The trustee argued that the statutory definition of “property” in article 2(2) of the 1989 Order was so wide as to include such property, meaning it formed part of the bankruptcy estate.
This definition includes tangible and intangible assets, cash, money in bank accounts, and choses in action (for example, a personal injury claim).
The court noted that while article 2(2) defines property included in a bankruptcy estate, article 11(2) of the Order provides that certain property is excluded from the bankrupt’s estate, which includes, “provisions as are necessary for satisfying the basic domestic needs of the bankrupt and his family.”
In assessing the nature of the personal damages, the court also drew a distinction between actions which are personal to the bankrupt and those which relate to or include his property.
The court considered Ord v Upton  Ch.352 CA. In that case, the bankrupt sued a doctor alleging negligent treatment received by him prior to bankruptcy. The bankrupt claimed damages for pain and suffering as well as damages for past and future earnings.
That court held that such a claim was a hybrid claim as it was in part personal and in part relating to property.

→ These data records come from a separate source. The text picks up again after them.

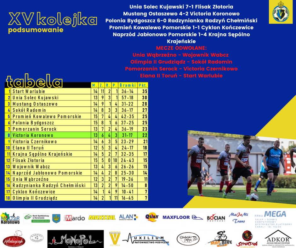 Podział punktów w meczu z Wojownikiem Wabcz, remis 2:2. Bramki dla Victorii padły w pierwszej połowie, strzelcami Aleksander Zieliński i Oleksandr Ovsiak.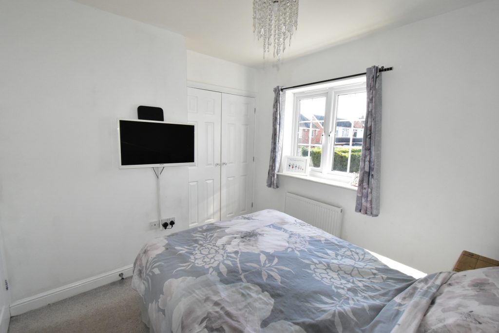 With window to the rear, fitted wardrobe, radiator, power and ceiling light points.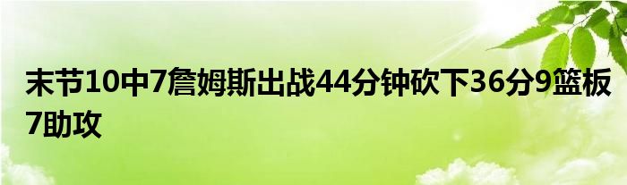 此役,詹姆斯表現出色,他出戰44分鐘,26投15中,其中三分球7投2中,另外罰球7罰4中,砍下36分9籃板7助攻2蓋帽,其中末節10投7中砍下16分4籃板,特別是最后時刻連得8分,為球隊保留了比賽的懸念,也為最后拖入加時并擊敗對手打下了基礎。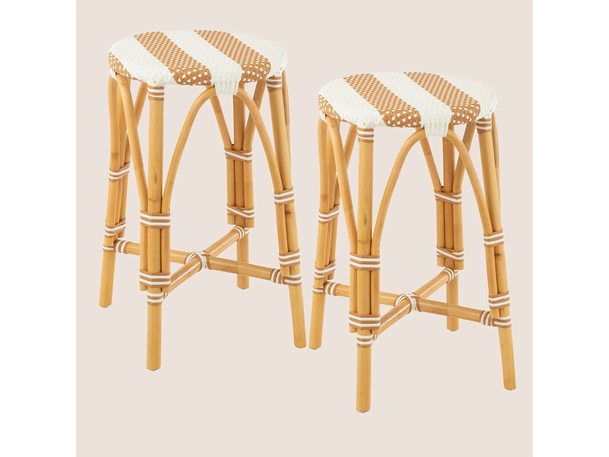 Tabourets de bar parisiens assise tressée rayures (lot de 2) - MONTMARTRE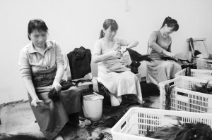 项城市官会镇围绕发艺做足“头上”工夫,全镇从事发艺加工业的农户600余户,人员近10000余人,产品畅销欧美等10多个国家和地区。图为该镇企业职工在加工真人发艺。 (张永久 摄)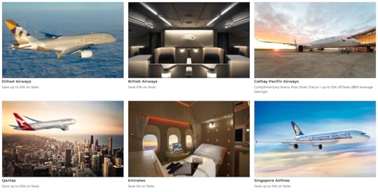1. TravelAirlinesBritish Airways – Up to 10% off most fares between the US/Canada and the UK (this is also a perk of the Chase British Airways card)Cathay Pacific – 5 to 15% off flights and Marco Polo Club Silver elite statusEmirates – 5% off fares from the USEtihad – Up to 10% off coach and Business class fares for certain destinations departing the USQantas – Up to 25% off fares between the US and Australia/NZ, depending on flight directionSingapore Airlines – Up to 15% off select flights from the USSurf Air – Round-trip trial flight for $650 and two round-trip guest flights when buy an All-You-Can-Fly membershipUnited – Up to 6% off select flights booked directly through United.com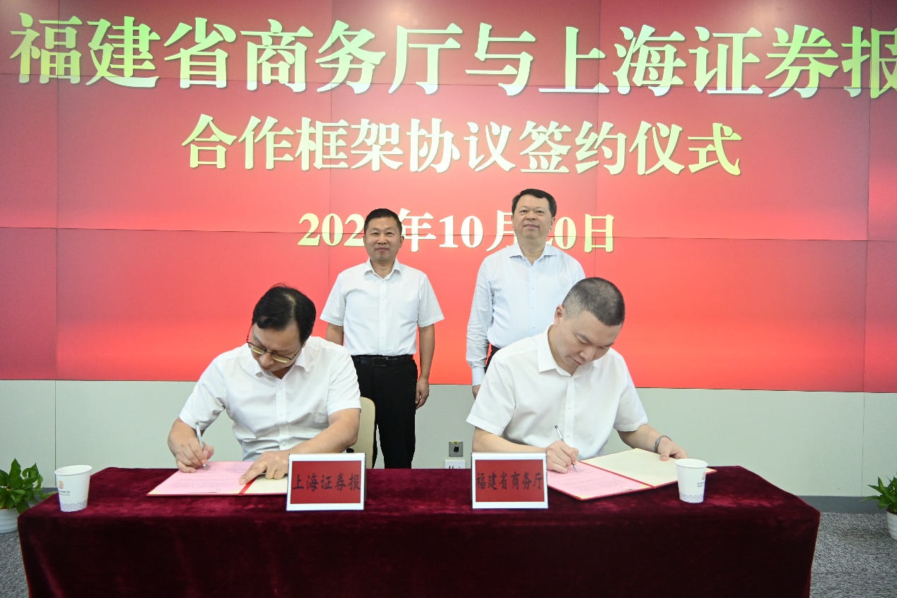 上证报中国证券网讯(叶子申记者闫婧)10月20日,闽东榕城,福建省商务厅与上海证券报社签署合作框架协议。双方将在开展信息推广和品牌建设、加强福建投资促进活动合作、加强渠道共建与信息资源共享等方面开展深度合作,助推福建招商引资工作,服务经济高质量发展。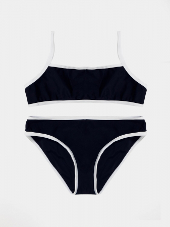 Трикотажное эластичное полотно. Трикотажное полотно, подкладка для купальников. Передняя и задняя детали топа, передняя и задняя детали трусов цельнокроенные. Подкладка передней детали топа и подкладка ластовицы, передней детали трусов из трикотажного полотна. Верхние и нижние срезы трусов и топа обработаны бейкой из основного полотна. По спинке топа застежка. Бретели из основного полотна с надставками, регулируются по длине сзади.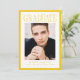 Bright and celebratory, this Modern Yellow Frame Photo Graduation Announcement features a bold yellow border that adds warmth and confident contrast to the clean, structured layout. “Graduate” is displayed in refined serif lettering at the top, drawing the eye above the graduate’s vertical photo centered within the design. The graduate’s name, school, and graduation year appear below in a crisp, balanced arrangement that keeps the focus on their accomplishment. On the back, a horizontal photo is paired with space for personalized text, making it perfect for sharing graduation party details, future plans, or a heartfelt thank you message. Designed for both high school and college graduates, this modern photo graduation card offers a fresh yet timeless way to honor this important milestone.

As such, the action vested solely in the bankrupt’s trustee with the trustee being entitled to retain damages awarded for past and future loss of earnings but holding any damages for pain and suffering on constructive trust for the bankrupt
In this case, the evidence “clearly showed” that his ability to care for himself on a day-to-day basis was extremely limited and that he would require daily and constant care for the rest of his life.
Further, the evidence showed that the bankrupt’s care was primarily being provided by close family members, including those alluded in the trustee’s application.
Therefore, the bankrupt’s personal injury claim was a personal rather than a hybrid action. Having reached this conclusion, the judge determined that the damages flowing from that claim were personal to the bankrupt and thus excluded from his bankruptcy estate, unless they had since been converted into some other form of property in which he had a clear interest.
The court found that this conclusion echoed Re Wilson Ex parte Vine  8 Ch.D.364:
“if the bankrupt had accumulated the money and had invested it in some property, that property might be reached by the trustee. But the fact that he could do that does not enable the trustee to intercept the damages before they reach the bankrupt’s hands, or to prevent him, if he has got them, from spending them on the maintenance of himself and his family.”
Although it was ultimately unclear how much of the damages was attributable to care costs, the court nonetheless determined that the care costs came within the statutory exemption contained within article 11(2), “provisions necessary to satisfy the basic domestic needs of the bankrupt and his family”.
Ultimately, for these reasons, the court answered the trustee’s application in negative. The bankrupt was free to make payments or financial gifts to third parties from his damages, as those monies were personal to him, and excluded from the bankruptcy estate.